Santiago Arias, Technical Director at Gemasolar, supplying 24 hour solar power

Santiago Arias is Technical Director of Operation and Maintenance at Torresol Energy's Gemasolar concentrated solar thermal power (CSP) plant in Seville, Spain. The 20MW Gemasolar plant with molten salt storage has been in commercial operation since May 2011 and supplies 24 hour solar power to about 27,500 Spanish households every year.

Gemasolar is the first commercial concentrated solar power plant with central tower receiver and molten salt storage technology. The plant has produced over 100 million kWh in over one year of operation. Its record is 404MWh in a 24 hour period.

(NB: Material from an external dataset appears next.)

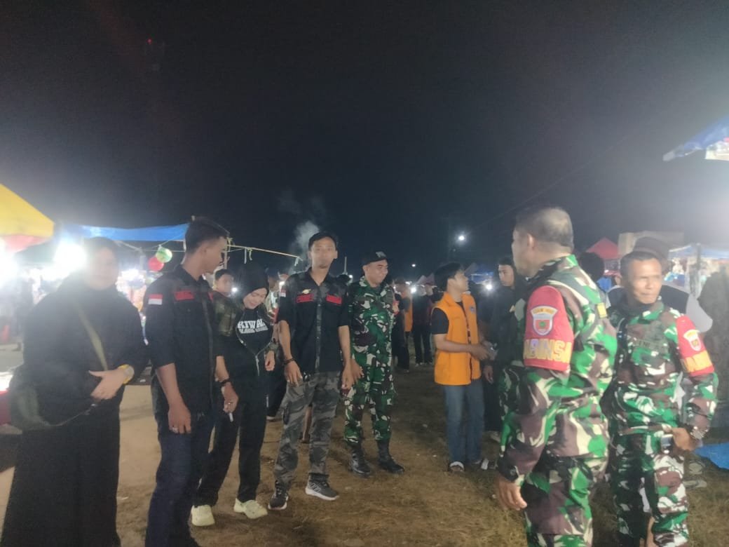 Selama kegiatan berlangsung, petugas melakukan pemantauan di area pasar malam, area parkir, serta jalur keluar masuk pengunjung.

Santiago explains how Gemasolar has improved over the year and measures its contribution to the Spanish electricity grid. With a 15 hour buffer in the molten salt storage technology, Gemasolar provides predictable, reliable power generation. As the operation of the steam turbine to generate the electricity is independent of weather conditions, CSP with storage has advantages over other renewable technologies such as wind and solar PV (which are continuing to realise rapid cost reductions).

Gemasolar was recenlty visited by the South African government:

In August 2011, Santiago hosted Australian climate change advisor Ross Garnaut, federal independent MP Tony Windsor and BZE's Matthew Wright at the Gemasolar plant, to show what could be possible for Australia.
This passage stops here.